4. Quantifizierung der T-Zell Transinfection durchflusszytometrisch

Hinweis: Abbildung 2 zeigt diesen Schritt.

  1. T-Zell-Transinfection
    1. Infizieren BMDCs, wie in Schritt 1.3, sondern verwenden GFP exprimierenden Bakterien in diesem Fall.
    2. Flecken CD4 + T-Zellen (aus Lymphknoten isoliert in Schritt 2.2) mit einem Zellenverfolger Chlor Aminocumarin (CMAC) für 30 min bei 37 ºC nach dem Protokoll des Herstellers.
    3. Waschen markierten CD4 + T-Zellen zweimal mit RPMI 10% FBS (ohne Antibiotika).
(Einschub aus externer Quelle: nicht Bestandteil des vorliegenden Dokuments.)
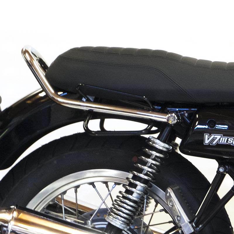 2. Marco Moto Guzzi V7 derecho fabricado en acero tratado con acabado negro mate con epoxi en polvo.
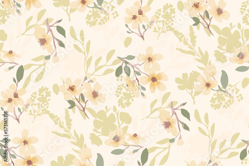 Spring summer green delicate seamless pattern with blooming apple tree or sakura.
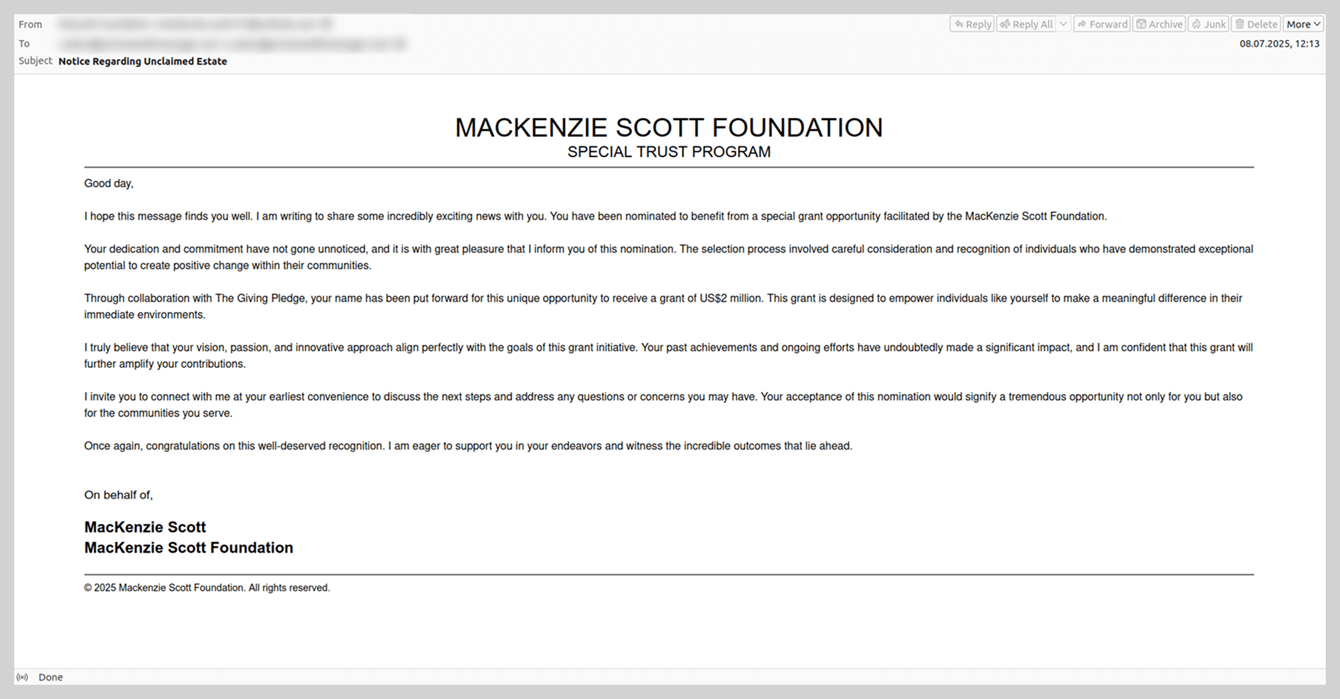 En verano, cuando uno de los temas más sonados fue la boda del fundador de Amazon Jeff Bezos, se empezó a enviar a los usuarios mensajes de estafas nigerianas, tanto en nombre del propio Bezos como en nombre de su ex esposa MacKenzie Scott. En estos correos se le prometía al destinatario una suma importante de dinero como donación o compensación por parte de Amazon.
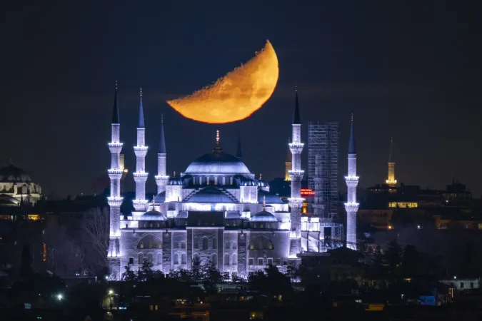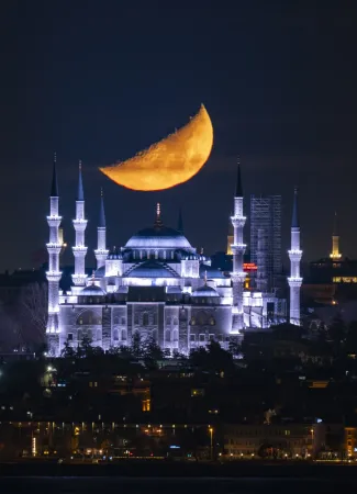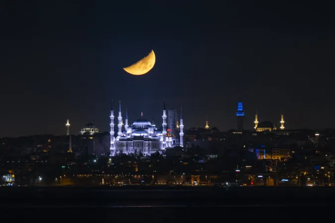 İstanbul'da yarım ay, Sultanahmet Camii (sol 2), Beyazıt Camii (solda), Beyazıt Yangın Kulesi (sağ 2) ve Nuruosmaniye Camii (sağda) ile birlikte görüntülendi.

    4. Inkubieren infizierten DCs (nach 1 Stunde Inkubation mit Bakterien) mit markierten CD4 +T-Zellen für 30 min, um Immunsynapsenbildung bei 37 ºC einschließlich aller Kontrollen Erläuterung in Schritt 3.1.1 ermöglichen.
  2. Färbung infizierter CD4 + T-Zellen
    1. Nach 30 min DC-T Immunsynapsenbildung, sammeln Zellen und waschen Sie sie in PBS / BSA / EDTA.
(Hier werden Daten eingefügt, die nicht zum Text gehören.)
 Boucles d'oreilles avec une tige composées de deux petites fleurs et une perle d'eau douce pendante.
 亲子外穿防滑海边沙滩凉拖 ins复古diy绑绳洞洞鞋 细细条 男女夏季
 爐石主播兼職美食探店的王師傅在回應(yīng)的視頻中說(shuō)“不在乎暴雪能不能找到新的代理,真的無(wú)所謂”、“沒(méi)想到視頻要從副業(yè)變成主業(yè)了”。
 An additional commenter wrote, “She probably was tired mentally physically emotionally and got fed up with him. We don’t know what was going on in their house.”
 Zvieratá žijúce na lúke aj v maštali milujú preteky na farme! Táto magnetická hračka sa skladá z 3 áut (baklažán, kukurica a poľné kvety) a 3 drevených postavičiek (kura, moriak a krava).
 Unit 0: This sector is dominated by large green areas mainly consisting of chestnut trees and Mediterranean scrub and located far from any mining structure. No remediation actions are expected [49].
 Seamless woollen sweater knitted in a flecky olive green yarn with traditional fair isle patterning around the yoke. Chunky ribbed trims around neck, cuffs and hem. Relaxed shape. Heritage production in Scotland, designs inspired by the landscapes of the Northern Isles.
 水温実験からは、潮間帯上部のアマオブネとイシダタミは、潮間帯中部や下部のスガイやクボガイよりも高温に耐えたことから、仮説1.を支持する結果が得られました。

    2. Nach zweimaligem Waschen mit PBS / BSA / EDTA-Puffer, separate aggregierte Zellen durch vorsichtiges Vortexen der Röhren.
    3. Fixieren die Proben in 0,2 ml / Röhrchen PBS, das 3% PFA für 15 min bei RT. Dann waschen Sie sie in PBS.
    4. Inkubieren mit Anti-Maus-CD16 / CD32-monoklonalen Antikörpers (2,5 ug / ml) in 50 ul / Probe von PBS / BSA / EDTA für 15 min auf Eis an Fc-Rezeptoren von dendritischen Zellen blockieren.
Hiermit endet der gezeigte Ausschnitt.